Opera fans know that almost any operatic scenario culminates in the tragic death of the heroine, who is almost always a soprano. Chalk it up to high drama or the composer’s postulation that, like art, beauty and nobility are just too fine to survive on opera’s mean, albeit musical, streets.

But not all opera heroines suffer from an overdose of purity. Often, death concludes the character’s redemption. What could be more cleansing, after all, than sloughing off the very mortal coil that has carried us toward perdition?

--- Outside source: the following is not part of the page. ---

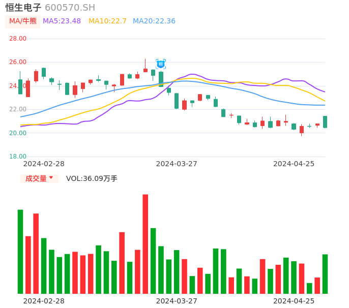04月25日,恒生电子收报20.45,股价涨幅-1.59%,成交金额7.47亿元,换手率1.91%。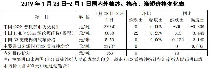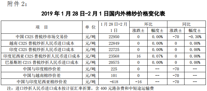 附件2:2019年1月28日-2月1日國內(nèi)外棉紗價(jià)格變化表

Such was the case with Violetta, heroine of “La Traviata,” literally “The Fallen Woman.” Madison Opera’s excellent production of Giuseppe Verdi’s 19th century potboiler opened Friday at Madison’s Overture Hall.

As in most cases, the road to redemption follows a pretty obvious route. Violetta (soprano Elizabeth Caballero) is a former courtesan, beautiful but not the type of girl one brings home to the mother. However, Alfredo Germont (tenor Giuseppe Varano in both his Madison Opera and U.S. debut), smitten by Violetta, does not stand on convention. He wants her, eventually occupying a beautiful country home with her after a romance that lasts no longer than a scene change.

All is well until Violetta, who apparently purchased the spread with her trollop’s wages, is forced to sell her worldly good to make payment on the manse. Alfredo uncovers her scheme and leaves to buy back her goods just before his father Giorgio Germont (baritone Donnie Ray Albert) arrives, intent on convincing Violetta to leave her son alone. Albert’s commanding baritone is effective, causing the wanton woman to abandon the man who loves her. Alfredo is, of course, heartbroken.

Eventually, deus ex morbus rears its fetid head, afflicting poor Violetta with consumption (tuberculosis), no doubt in restitution for her sinful past. Just before she succumbs, Alfredo appears to take her in his arms, where she marshals her last energies then collapses in an unglamorous heap. Sic semper liberalitas.

Madison Opera, always known or booking top-drawer talent, rose to new heights with Caballero, whose magnificent soprano undulates with power and control rarely experienced. She seduces not only Alfredo, but all of us with her vocal charm, rich and sumptuous in its tone and lyrical in its majesty. The Cuban-American soprano, who previously appeared in Madison’s Opera’s production of Carmen, alone is worth the price of admission.

Top marks, too, go to baritone Albert, whose performance of Giorgio yields a rich, deep timbre every bit as compelling as Caballero’s soaring cadenzas. As Alfredo, Varano arouses more sympathy than empathy in a role that puts him second in presence to Caballero, up to whose performance level the tenor can only pretend to rise.

John deMain and members of the Madison Symphony Orchestra do their usual fine job interpreting a narrative that once again proves the classical operatic thesis that the soprano always dies.